‘Nee, we doen gewoon ons werk hoor. Wij offeren ons voor dag en dauw op om de wereld te behoeden voor overlast veroorzakende ganzen, hertjes, haasjes en konijntjes. Echt, we schieten met enorme tegenzin, maar ja, we hebben nu eenmaal geen keus.’ Ik geef het maar direct toe, bovenstaande zin heb ik zelf verzonnen, maar hij zou in een folder van een jagersclubje (tegenwoordig profileren ze zich als ‘faunabeheerder’) zeker niet misstaan.
Ik ben er van overtuigd dat menig jager in Zuid-Holland ongemerkt een vreugdekreetje liet ontsnappen bij het lezen van het nieuws over dat mislukte ‘ganzenakkoord? ,,Hé Truus, heb je dat gelezen? Het ganzenakkoord is mislukt. Tja, nou moet ik wel aan de slag. Waar ligt m’n hoedje met die veertjes er op?’
Nee, het woord ganzenakkoord heb ik niet zelf verzonnen, want het bestaat, hoe droevig ook, echt in dit doorgeorganiseerde regellandje. Met ganzenakkoord wordt namelijk het overleg bedoeld tussen de Nederlandse provincie en een aantal landbouworganisaties over het beheer van ganzen in Nederland. Daar zijn er kennelijk te veel van en het schijnt dat deze vogels nu te veel schade toebrengen aan landbouw en natuur. De ganzenpopulatie groeit al jaren gestaag omdat ze in de zomer niet meer wegtrekken, maar in Nederland blijven broeden. Als er nu niets aan wordt gedaan, dan blijft de schade toenemen. En weet u wiens schuld dat is? Onze eigen schuld, want met het inrichten van natuurgebieden in deze provincie zijn we kennelijk nogal doorgeschoten en dus blijven de ganzen maar al te graag in voedselrijk Zuid-Holland. Dát er dus te veel ganzen zijn en dát ze de boeren schade toebrengen wil ik best geloven, maar het terugdringen van de ganzenpopulatie kan ook zonder de jacht.

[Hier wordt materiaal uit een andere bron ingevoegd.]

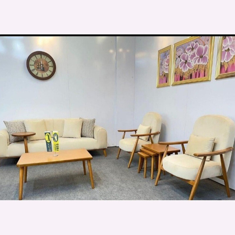 مبل راحتی مینیمال دسته چوبی ۷ نفره

Met het schudden van eieren bijvoorbeeld en met simpelweg verjagen, want daar bestaat inmiddels geavanceerde apparatuur voor. Zo zijn er tegenwoordig volautomatische laserguns (nee, niet met dodelijke stralen) en, geloof het of niet, er bestaan zelfs robotroofvogels. In Flevoland hebben ze dat inmiddels aardig begrepen, maar in de Drechtstreek en vooral in De Hoeksche Waard slapen schietgrage griezels alweer onrustig in hun camouflagepyjamaatjes.